Now that's true love


----------



## Jazzz (Jun 12, 2012)

what breed is he? 

he has gorgeous colours! 

i spend hours taking photos of cats!! i need to get good ones of my fosters for their profiles  it is fun though!


----------



## harrys_mum (Aug 18, 2010)

just absolutely adorable.
michelle x


----------



## raggs (Aug 3, 2008)

They are both stunning and so nice to see them so happy together, chat soon...........Chris


----------



## lymorelynn (Oct 4, 2008)

How lovely is that first photo :001_wub: Makes me go all mushy  Rusty and Smudge, BFF :001_wub:


----------



## colliemerles (Nov 2, 2007)

Jazzz said:


> what breed is he?
> 
> he has gorgeous colours!
> 
> i spend hours taking photos of cats!! i need to get good ones of my fosters for their profiles  it is fun though!

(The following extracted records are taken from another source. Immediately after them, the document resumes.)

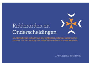
ORDEN VAN MILITAIRE VERDIENSTE

Daarmee is 'Ridderorden en onderscheidingen' een boekje geworden dat niet alleen voor de bezoeker aan de opstelling interessant is, maar voor eenieder die belang stelt in ridderorden en onderscheidingen. Om die reden is 'Ridderorden en onderscheidingen' ook te koop. De prijs bedraagt 3,95 euro (4,95 euro inclusief verzendkosten). U kunt het boekje bestellen door een berichtje te sturen naar secretariaat@kanselarijmuseum.nl . Het boekje is ook te koop in de winkel van Museum Bronbeek.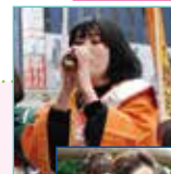
海苔のキャンペーン

海苔のキャンペーン [例年1月末(日曜日)の午前中] ★巻き寿司丸かぶりコンテスト出演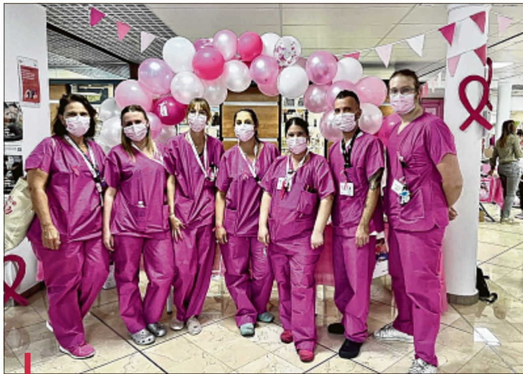
La journée d'animations a pu se dérouler grâce à l'investissement des adjoints de cadres, qui ont œuvré pendant plusieurs semaines afin que tout soit parfait.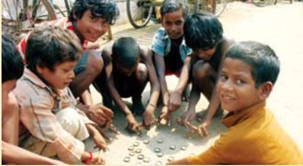
Les enfants des bidonvilles de Cuttack, Mars 2009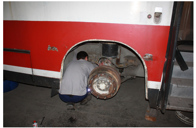
» Sébastien Amato remonte une nouvelle vane de nivellement

Le total des heures consacrées à la rénovation de cet autobus Saviem-Man SG 220 n° 104 s'élève à 54 heures.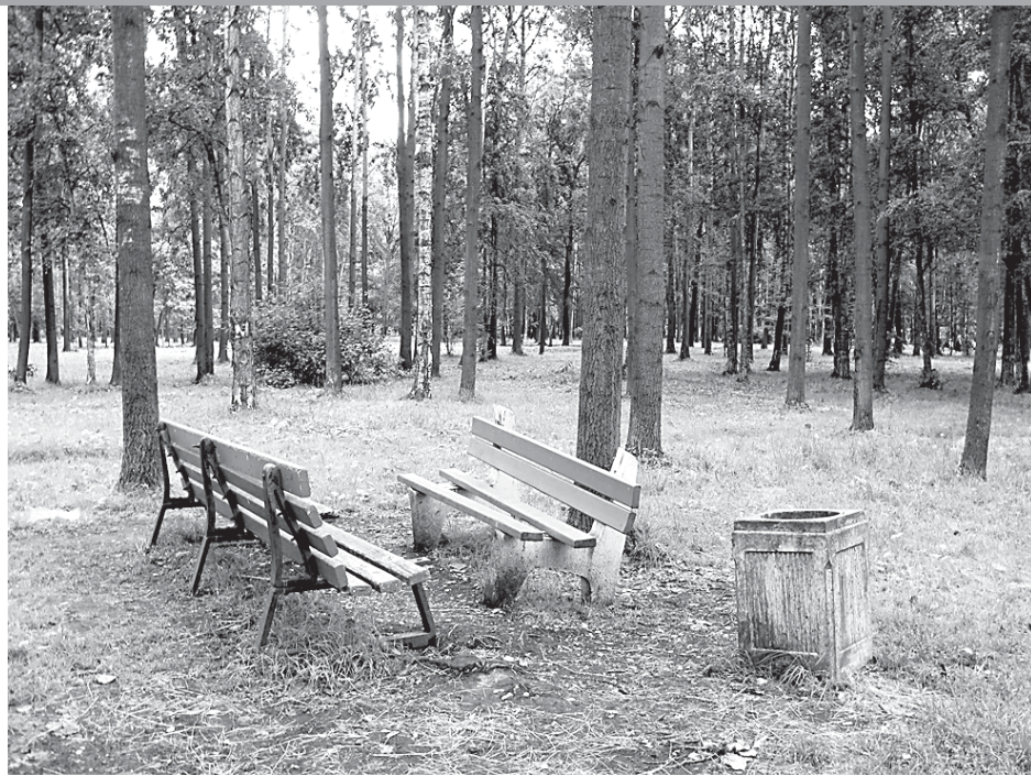
Благоустройство в парке сводится к немногим разбитым скамейкам.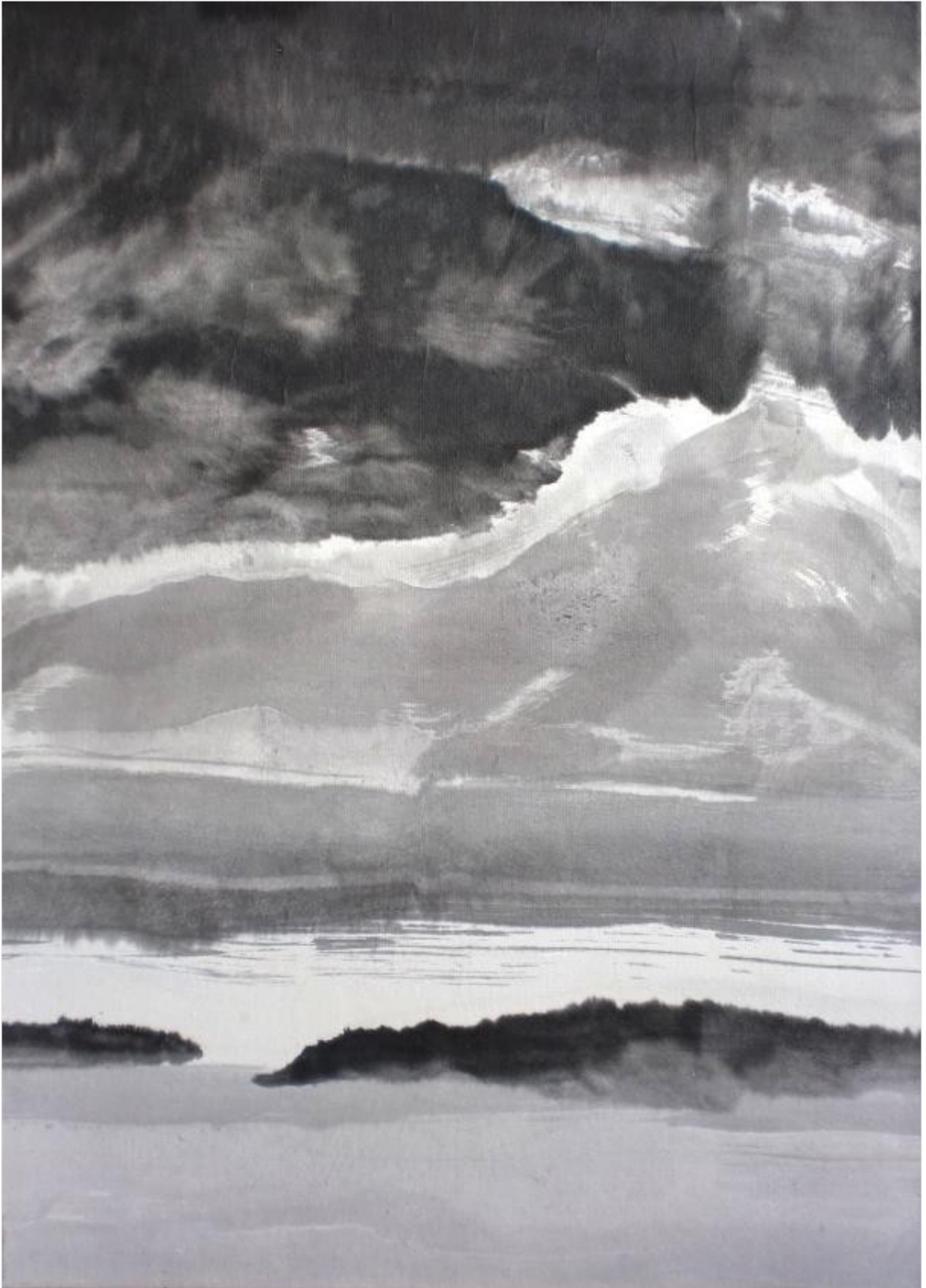
La cîme 65 x 46 cm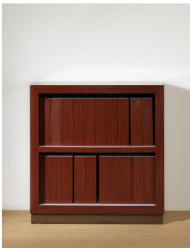
Richard Artschwager Encyclopedia Britannica, 1963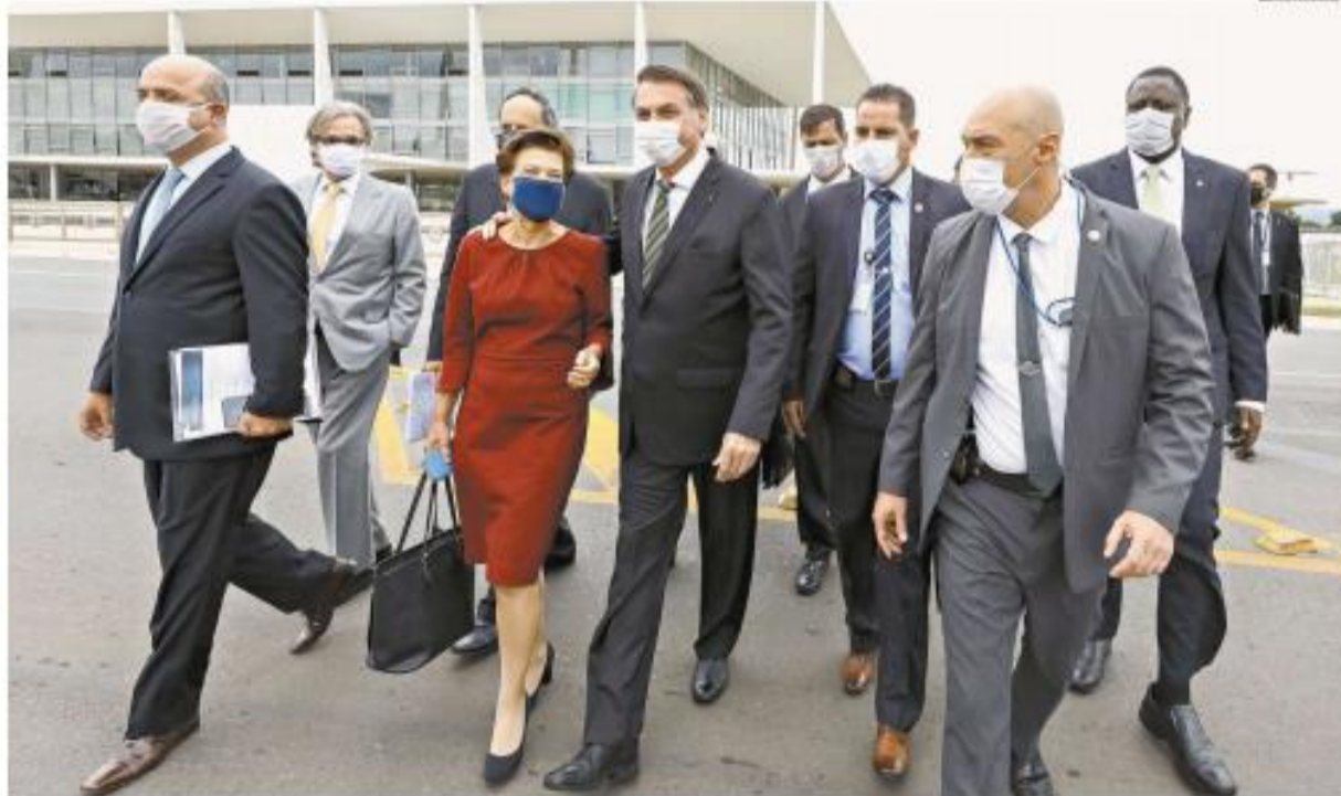
Presidente liderou comitiva durante a ida à sede do Supremo Tribunal Federal: pressão para que o presidente da Corte, Dias Toffoli, amenizasse as medidas de isolamento? A-4

LOYOLA BRANDÃO Nessa quarentena, tem gente pirando, perdendo o controle. C-2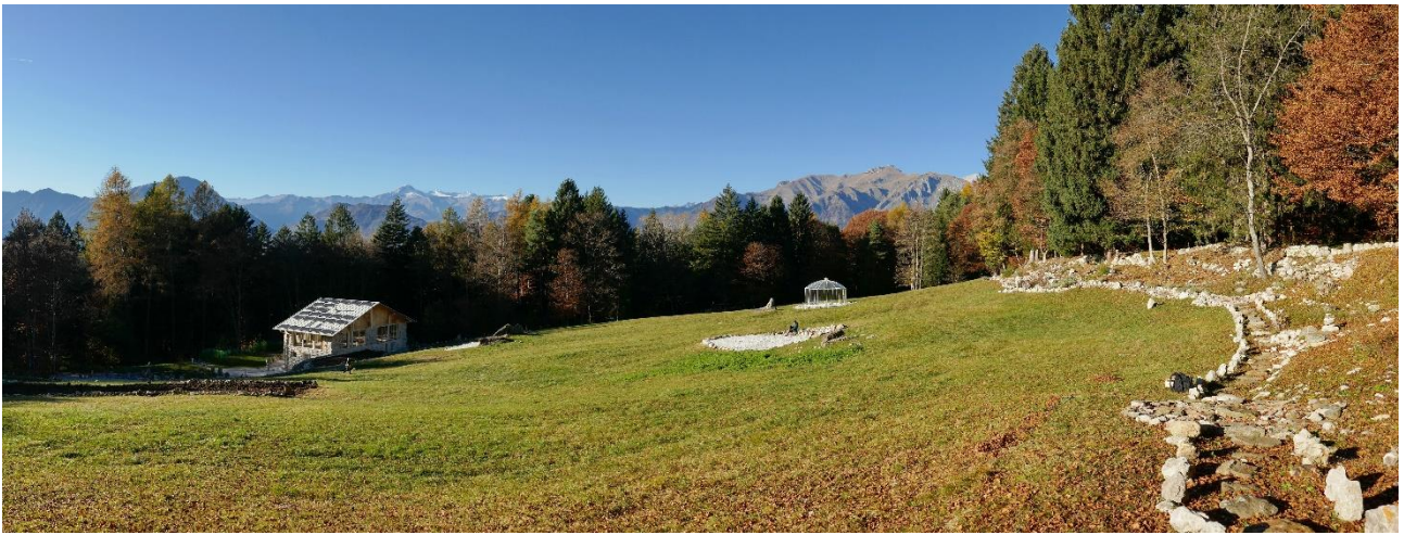
Blick auf „Naone“, mit Meditationshaus und Pavillon. Ein aus Steinen des Grundstücks gestalteter Weg führt rings herum und bietet einen weiten Ausblick auf die Trentiner Bergwelt.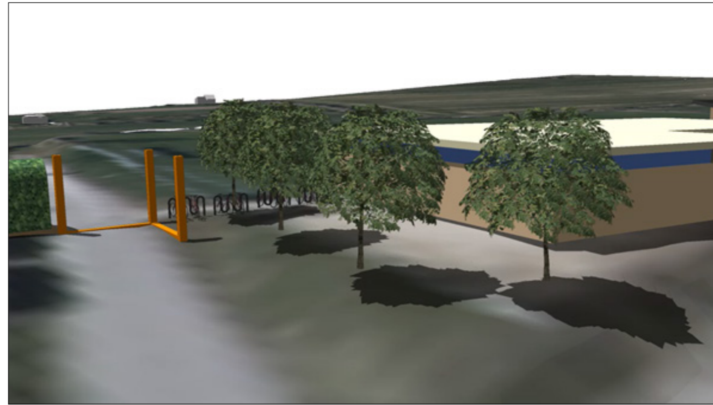
7: Eingangssituation von der Bahnhofstraße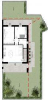
Giardino privato TOT. 155,29 mq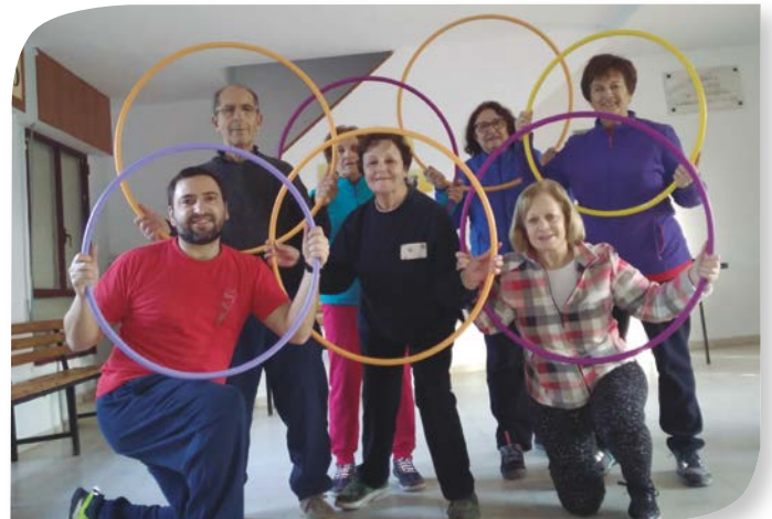
Asociación de Jubilados y Pensionistas BRAZACORTA.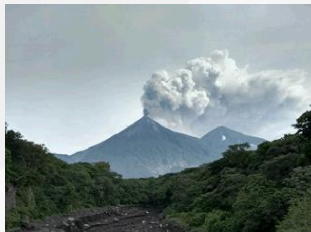
Erupción de Volcán de Fuego / Eruption of Volcano of Fire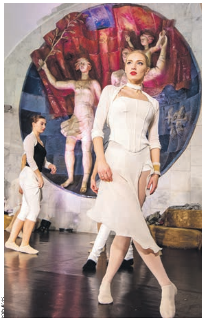
4 ноября 2016 года 23:12 Зал станции метро «Полянка» в рамках акции «Ночь искусств» на время стал настоящей сценой. На ней выступили артисты труппы театра «Балет Москва». Легкие белые наряды, отточенные па. Никаких слов, только танец. С его помощью артисты представили постановку под названием «Эквус». Она рассказывает зрителям историю балетной профессии, которая требует ежедневных усердных тренировок и эмоциональной отдачи

Сделав ставку на морскую тему, организаторы, что называется, сорвали джекпот: пришло так много посетителей, что зал не мог вместить всех одновременно, поэтому людям, отстоявшим очередь на улице, пришлось постоять еще и перед входом на выставку.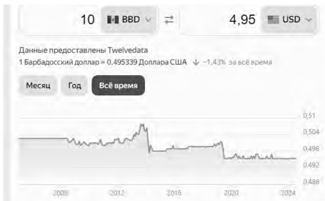
Рисунок 3 – график динамики соотношения барбадосского доллара к доллару США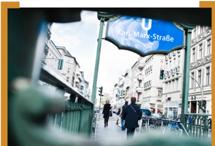
U-Bahnhof Karl-Marx-Straße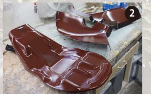
2 型を組み合せ貼り込む準備。

_they are both Maine coons, my camera is broke, so i have to take pics with my phone, so sadly they dont come out as well._


----------



## we love bsh's (Mar 28, 2011)

Love the colours of smudge


----------



## Cats cats cats (Feb 4, 2011)

:001_wub: :001_wub: :001_wub: :001_wub: :001_wub: :001_wub: So cute !!!


----------



## jenny armour (Feb 28, 2010)

love to see them cuddled up together


----------



## Jazzz (Jun 12, 2012)

colliemerles said:


> _they are both Maine coons, my camera is broke, so i have to take pics with my phone, so sadly they dont come out as well._


its very hard to take bad photos of gorgeous cats! 

we have rescued maine coons as the mascots for our rescue organisation because they are just such awesome cats


----------



## MominsMummy (Jun 14, 2012)

Wow Rusty is STUNNING! First pic is soooo adorable! x


----------



## littlekitty (May 5, 2009)

Gorgeous cats you have.


----------